Sarmiento, gran maestro, que dejaste para la posteridad el consejo de no ajar un libro, ni de tomarlo con las manos sucias; que tuviste la precaución de indicar que no hay que mojarse el dedo para pasar la hoja, explicanos por qué el silencio sobre algunas otras sugerencias que quedaron en el olvido, cuando vos siempre hablaste para que te oyeran todos.
No en secreto, sino en el Senado de la Provincia, donde ocupaste una banca, dijiste:
“Si los pobres de los hospitales, de los asilos de mendigos y de las casas de huérfanos se han de morir, que se mueran: porque el Estado no tiene caridad, no tiene alma. El mendigo es un insecto, como la hormiga. Recoge los desperdicios. De manera que es útil sin necesidad de que se le dé dinero. ¿Qué importa que el Estado deje morir al que no puede vivir por sus defectos?. ¿Los huérfanos son los últimos seres de la sociedad, hijos de padres viciosos, no se les debe dar más que de comer”. (Del discurso en el Senado de la Provincia de Buenos Aires, 13/09/1859)
No en soliloquio, sino en carta a Mitre y con motivo de una masacre innecesaria denominada “Guerra de la Triple Alianza”, en la que tres países americanos, por orden del Imperio Británico, se lanzaron a la extinción de un cuarto, escribiste:
“Estamos por dudar de que exista el Paraguay. Descendientes de razas guaraníes, indios salvajes y esclavos que obran por instinto a falta de razón. En ellos se perpetúa la barbarie primitiva y colonial. Son unos perros ignorantes de los cuales ya han muerto ciento cincuenta mil. Su avance, capitaneados por descendientes degenerados de españoles, traería la detención de todo progreso y un retroceso a la barbarie… Al frenético, idiota, bruto y feroz borracho Solano López lo acompañan miles de animales que le obedecen y mueren de miedo. Es providencial que un tirano haya hecho morir a todo ese pueblo guaraní. Era preciso purgar la tierra de toda esa excrecencia humana: raza perdida de cuyo contagio hay que librarse”

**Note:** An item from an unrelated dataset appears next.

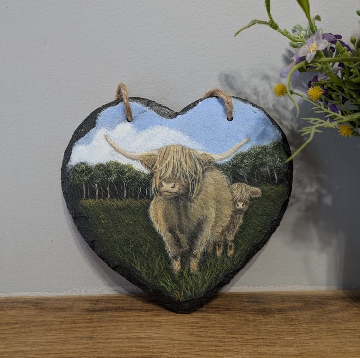 Created using acrylic paint on a heart shaped slate ready to hang in your home.

¿Qué hizo que te convirtieras en el ejemplo de los niños? ¿Cómo se regresa de esas opiniones hecho héroe? ¿Qué parte de “luchó con la pluma y la palabra” puede teñir esas afirmaciones de patriotismo o estatura moral?
No creíste nunca que exterminar al indio fuera simplemente “necesario”. Lo viviste como un hecho gozoso, grande y heroico:
“¿Lograremos exterminar los indios? Por los salvajes de América siento una invencible repugnancia sin poderlo remediar. Esa calaña no son más que unos indios asquerosos a quienes mandaría colgar ahora si reapareciesen. Lautaro y Caupolicán son unos indios piojosos, porque así son todos. Incapaces de progreso. Su exterminio es providencial y útil, sublime y grande. Se los debe exterminar sin ni siquiera perdonar al pequeño, que tiene ya el odio instintivo al hombre civilizado”
No se trata, como dice un documental de Encuentro, de “antipatía y desprecio por lo popular”, se trata de odio genocida, y no lo escondiste, lo dijiste con tu potente voz; ni se trata, como dice el mismo documental de “ideas inaceptables para esta época“, porque en ninguna época la gente bien nacida creyó que estaba bien deshacerse de cientos de miles de seres humanos porque fueran “inferiores”, y porque no hablaste en el siglo XII, sino hace poco, ciento y pico de años.
“Tengo odio a la barbarie popular… La chusma y el pueblo gaucho nos es hostil… Mientras haya un chiripá no habrá ciudadanos, ¿son acaso las masas la única fuente de poder y legitimidad?. El poncho, el chiripá y el rancho son de origen salvaje y forman una división entre la ciudad culta y el pueblo, haciendo que los cristianos se degraden… Usted tendrá la gloria de establecer en toda la República el poder de la clase culta aniquilando el levantamiento de las masas”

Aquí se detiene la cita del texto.